» **WORK REQUEST**:
Copy the data precisely, character for character, and leave out every picture.

Source data
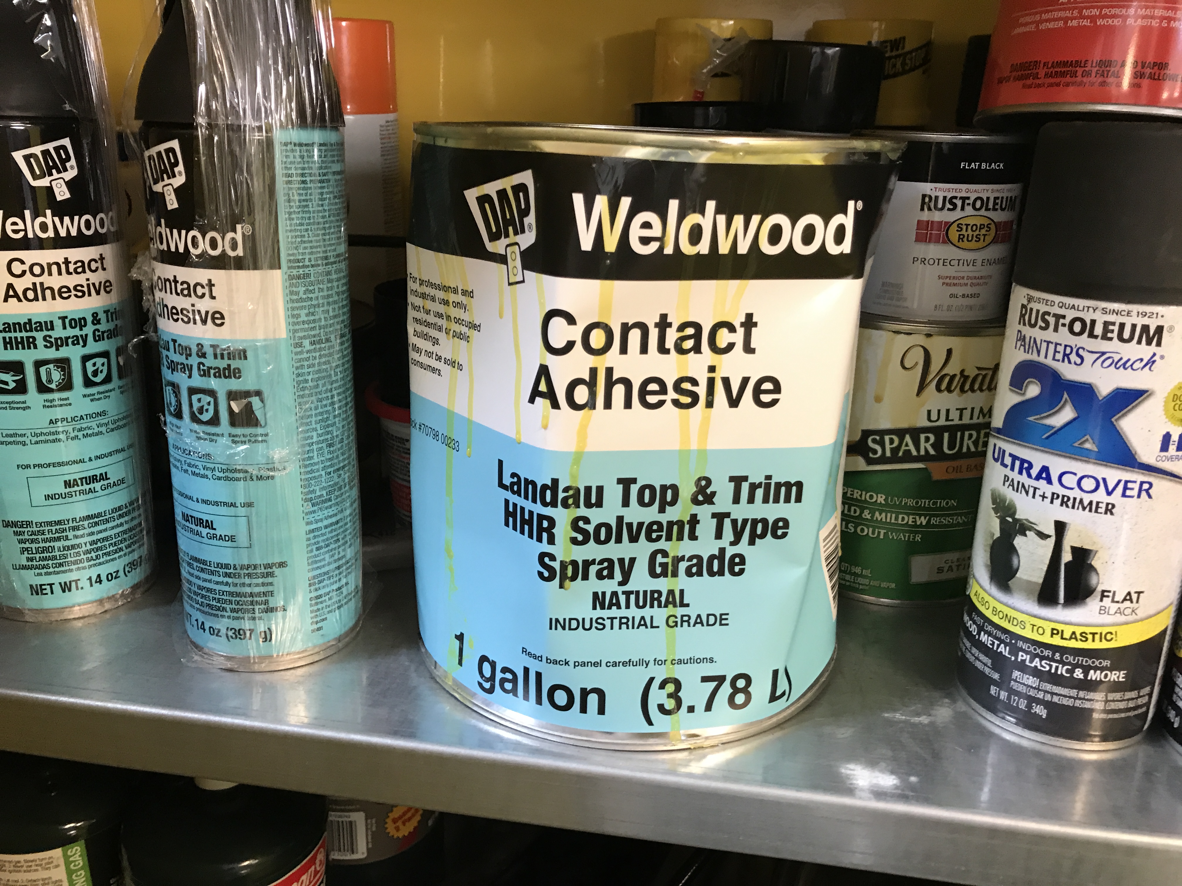 First step was to spray the dash and underside of padding with Weldwood Landau adhesive.
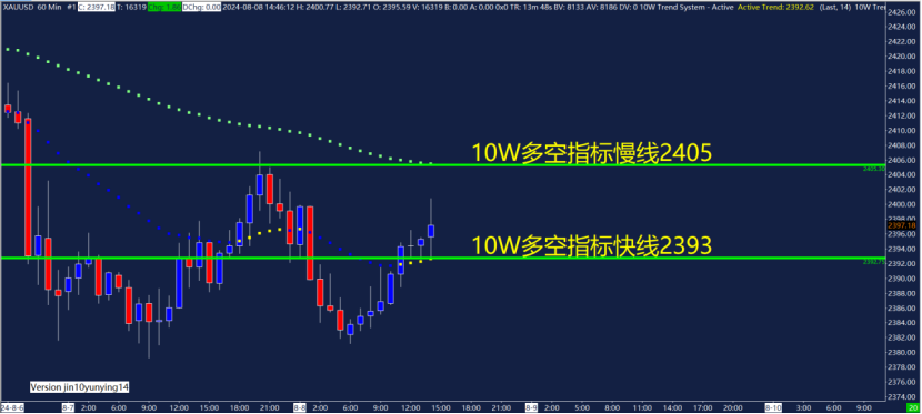 1小时10W多空指标快线压力2393以及慢线压力2405。10W多空指标主要用作趋势判断,运用快慢线颜色来判断趋势。4小时震荡偏空,1小时震荡,短线按照震荡格局观察。在1H级别震荡情况下,关注慢线压力2405附近博弈机会,如果行情强势上破2405,则转为看震荡行情。
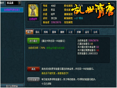 灌注:玩家可以通过消耗能量石而有几率成功提升装备的装备度,如果灌注失败系统会自动返还一半的能量石。
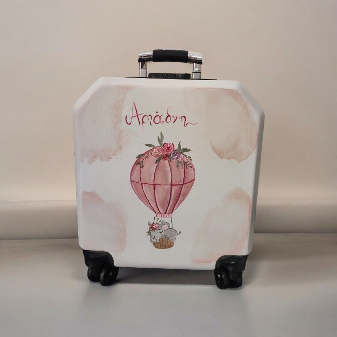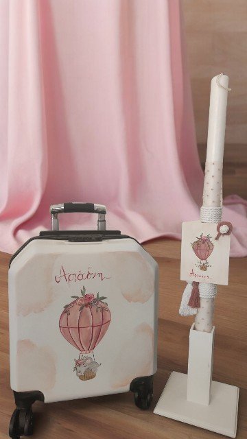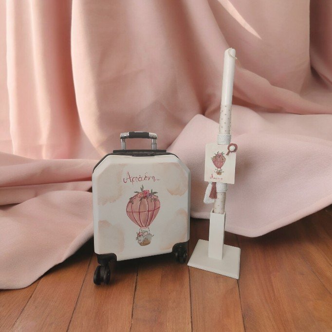 Βαπτιστικό πακέτο (σετ νονού) ζωγραφισμένο στο χέρι, σε βαλίτσα με θέμα το αερόστατο
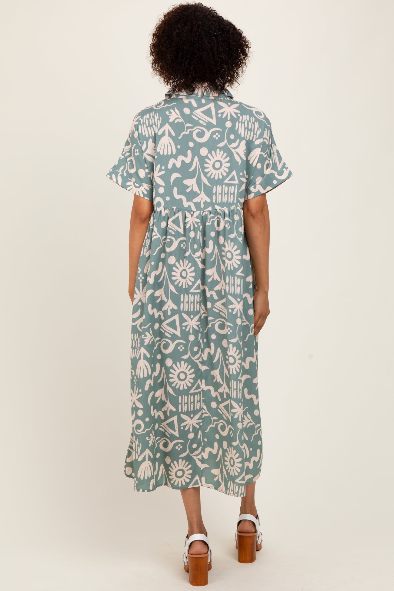 Mint Green Abstract Floral Shirt Midi Dress
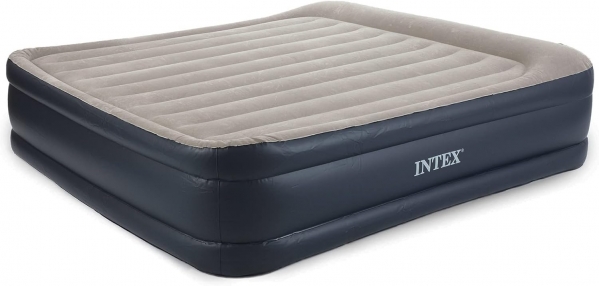 Enjoy a good night's rest and a quick set-up on all of your camping trips with the Intex Blow Up Mattress Air Bed. Perfect to take camping or to use as an extra bed for house guests, this inflatable air mattress features Fiber-Tech interior construction for firmness and support. The velvety mattress top allows for comfortability and softness, making anywhere the perfect spot for sleep and relaxation. Raised 16.5 inches for your convenience, this air bed also has indented sides to help grip fitted sheets and an outer perimeter frame to provide additional stability and support. This inflatable mattress comes with built-in a powerful internal pump for rapid inflation and deflation. With an approximate inflating time of 3.15 minutes, you can begin to use the air bed right away. For a great rest, convenience, and a no-hassle set-up add Intex Blow Up Mattress Air Bed to your next camping trip or guest room.
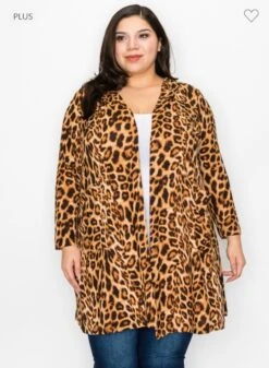 52 OT-X {Staying Strong} Leopard Print Cardigan W/Hood CURVY BRAND!!! EXTENDED PLUS SIZE 3X 4X 5X 6X
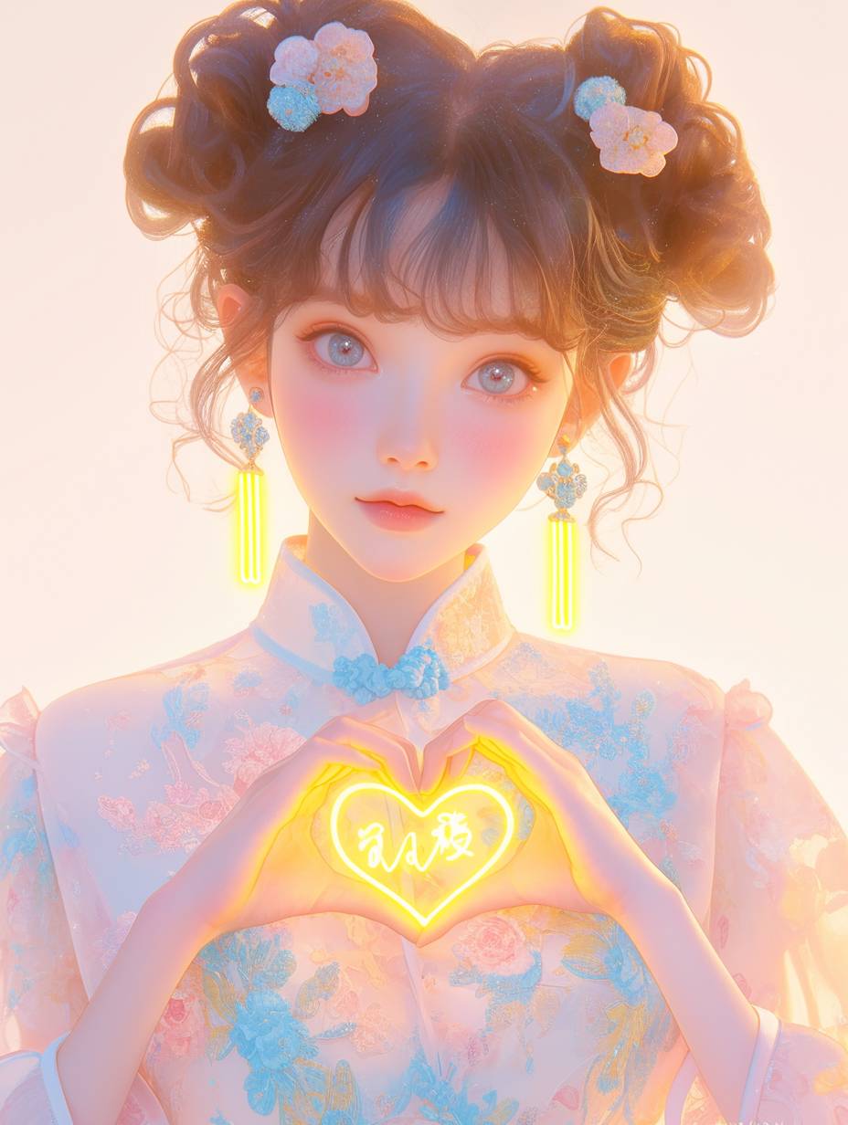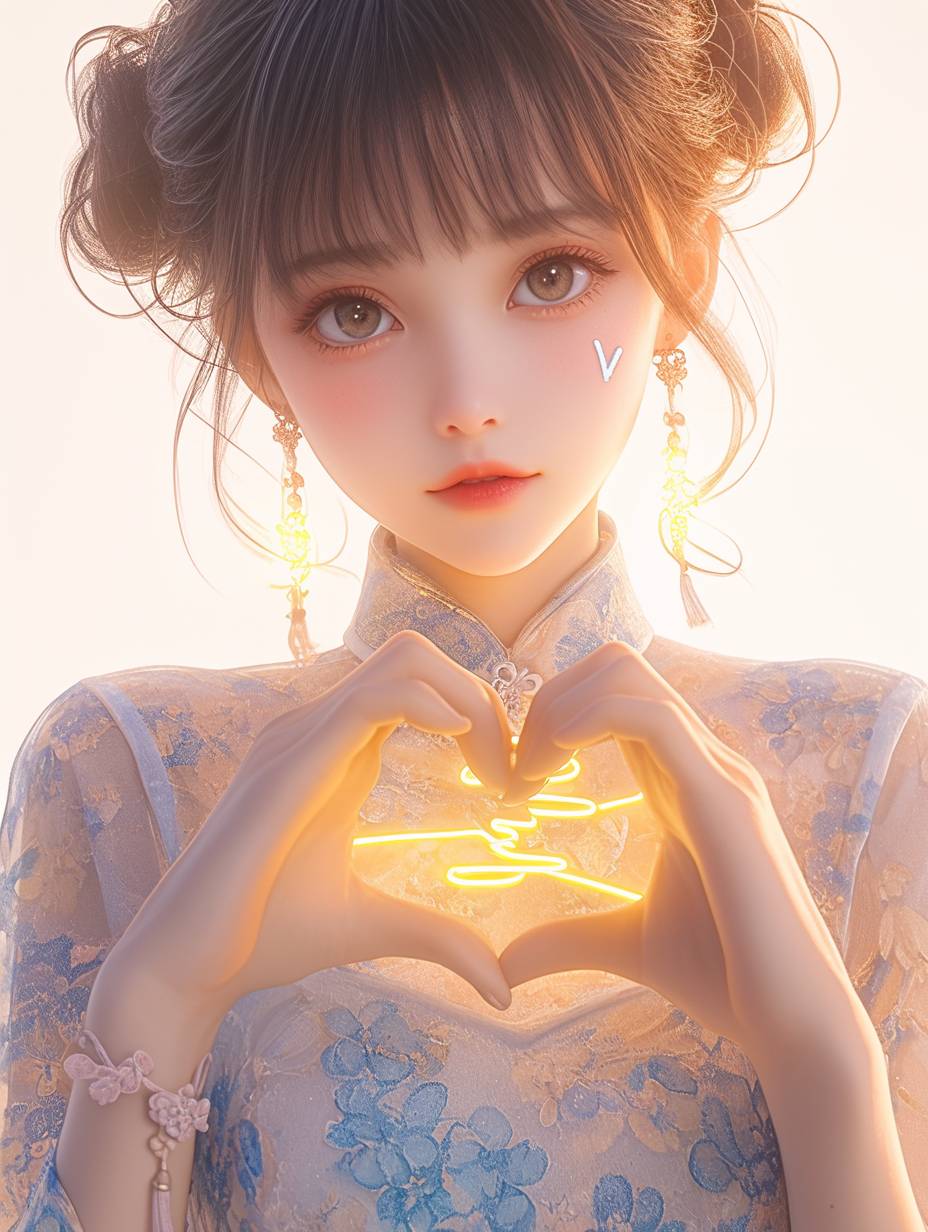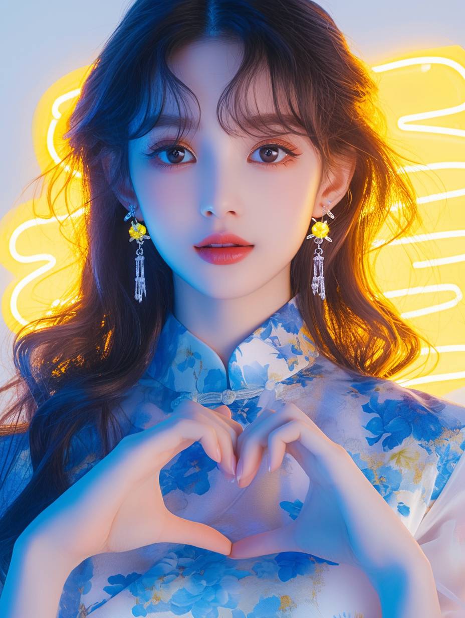 A cute girl holding her hands in the shape of a heart, wearing earrings and a Hanfu style dress with a fluorescent light on a white background, in a pastel color scheme, portrait photography, close up shot, with yellow neon lights and blue floral patterns on the , studio lighting, warm tones, soft shadows, high resolution photography, intricate details, and an elegant style, in the style of Dior. --no Poor quality, blur, watermark, low quality, poor anatomy, poor proportion, poor focus, low resolution, ugliness, extra limbs, disfigurement, mutated hands, poorly painted face, poor body, skin flaws, poorly painted hands, mutated hands and fingers, long neck, broken limbs, too many fingers --ar 3:4 --stylize 200 --niji 6
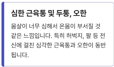- 심한 근육통 및 두통, 오한: 몸살이 너무 심해서 온몸이 부서질 것 같다고 표현하는 분들이 많아요. 특히 허벅지, 팔 등 전신에 걸친 심각한 근육통과 오한이 동반됩니다.
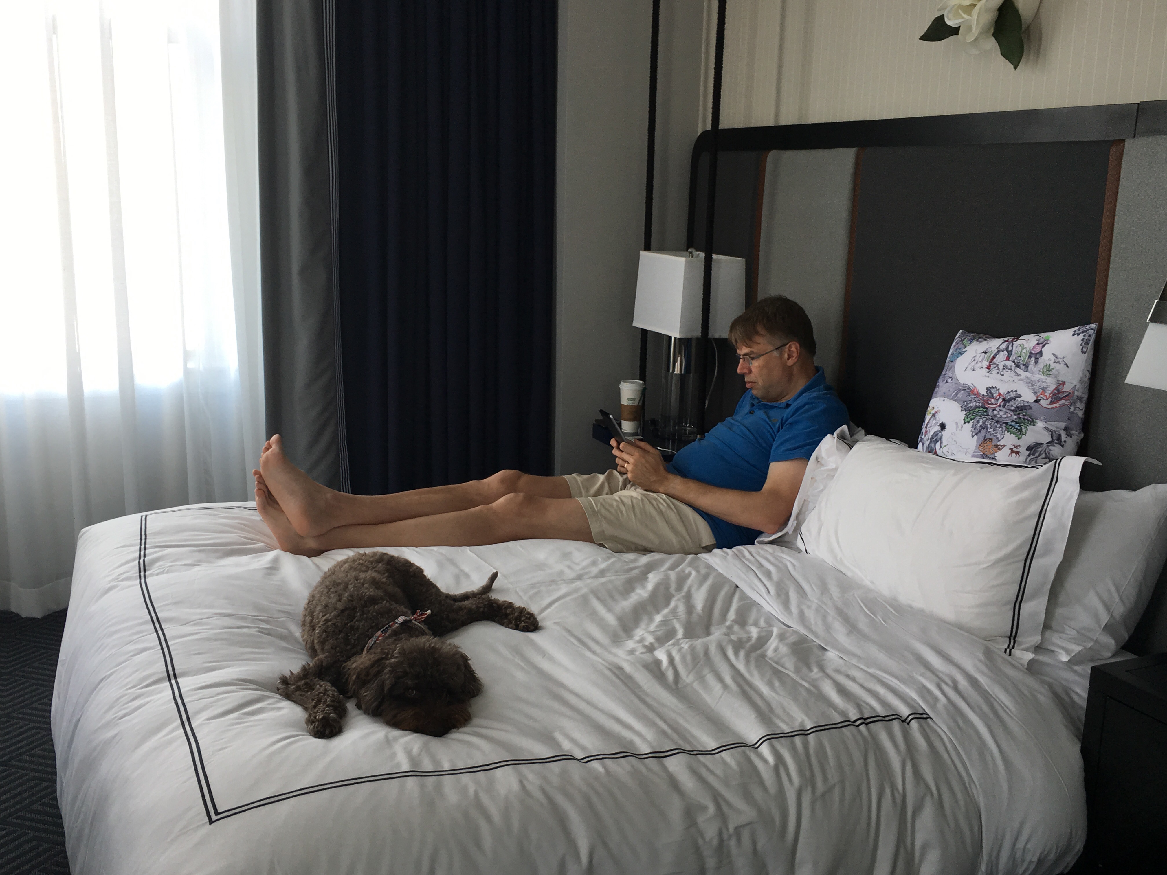 As far as I am concerned this is a much better trip than going to California. Thanks to Russ being a superior Kimpton customer we have a giant suite that Shay is having a blast in and Carter has her own lovely room right next door. Shay thinks coming to stay at hotels where lots of people bring their dogs is way fun. There are dog treats, and water bowls and even special dog beds if you want one. Shay of course says, “Beds, that is what I have with Daddy right now. Why would I sleep any place else.”
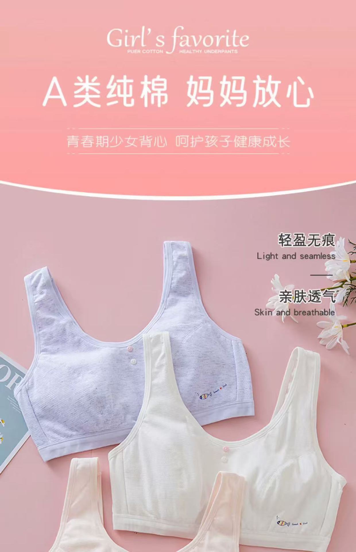 여아 속옷 발달기 조끼 여학생 큰 어린이 순면 어린이 중학생 13-15 세 여아 브래지어

» **FINAL ANSWER**:
 First step was to spray the dash and underside of padding with Weldwood Landau adhesive.
 1小时10W多空指标快线压力2393以及慢线压力2405。10W多空指标主要用作趋势判断,运用快慢线颜色来判断趋势。4小时震荡偏空,1小时震荡,短线按照震荡格局观察。在1H级别震荡情况下,关注慢线压力2405附近博弈机会,如果行情强势上破2405,则转为看震荡行情。
 灌注:玩家可以通过消耗能量石而有几率成功提升装备的装备度,如果灌注失败系统会自动返还一半的能量石。
 Βαπτιστικό πακέτο (σετ νονού) ζωγραφισμένο στο χέρι, σε βαλίτσα με θέμα το αερόστατο
 Mint Green Abstract Floral Shirt Midi Dress
 Enjoy a good night's rest and a quick set-up on all of your camping trips with the Intex Blow Up Mattress Air Bed. Perfect to take camping or to use as an extra bed for house guests, this inflatable air mattress features Fiber-Tech interior construction for firmness and support. The velvety mattress top allows for comfortability and softness, making anywhere the perfect spot for sleep and relaxation. Raised 16.5 inches for your convenience, this air bed also has indented sides to help grip fitted sheets and an outer perimeter frame to provide additional stability and support. This inflatable mattress comes with built-in a powerful internal pump for rapid inflation and deflation. With an approximate inflating time of 3.15 minutes, you can begin to use the air bed right away. For a great rest, convenience, and a no-hassle set-up add Intex Blow Up Mattress Air Bed to your next camping trip or guest room.
 52 OT-X {Staying Strong} Leopard Print Cardigan W/Hood CURVY BRAND!!! EXTENDED PLUS SIZE 3X 4X 5X 6X
 A cute girl holding her hands in the shape of a heart, wearing earrings and a Hanfu style dress with a fluorescent light on a white background, in a pastel color scheme, portrait photography, close up shot, with yellow neon lights and blue floral patterns on the , studio lighting, warm tones, soft shadows, high resolution photography, intricate details, and an elegant style, in the style of Dior. --no Poor quality, blur, watermark, low quality, poor anatomy, poor proportion, poor focus, low resolution, ugliness, extra limbs, disfigurement, mutated hands, poorly painted face, poor body, skin flaws, poorly painted hands, mutated hands and fingers, long neck, broken limbs, too many fingers --ar 3:4 --stylize 200 --niji 6
- 심한 근육통 및 두통, 오한: 몸살이 너무 심해서 온몸이 부서질 것 같다고 표현하는 분들이 많아요. 특히 허벅지, 팔 등 전신에 걸친 심각한 근육통과 오한이 동반됩니다.
 As far as I am concerned this is a much better trip than going to California. Thanks to Russ being a superior Kimpton customer we have a giant suite that Shay is having a blast in and Carter has her own lovely room right next door. Shay thinks coming to stay at hotels where lots of people bring their dogs is way fun. There are dog treats, and water bowls and even special dog beds if you want one. Shay of course says, “Beds, that is what I have with Daddy right now. Why would I sleep any place else.”
 여아 속옷 발달기 조끼 여학생 큰 어린이 순면 어린이 중학생 13-15 세 여아 브래지어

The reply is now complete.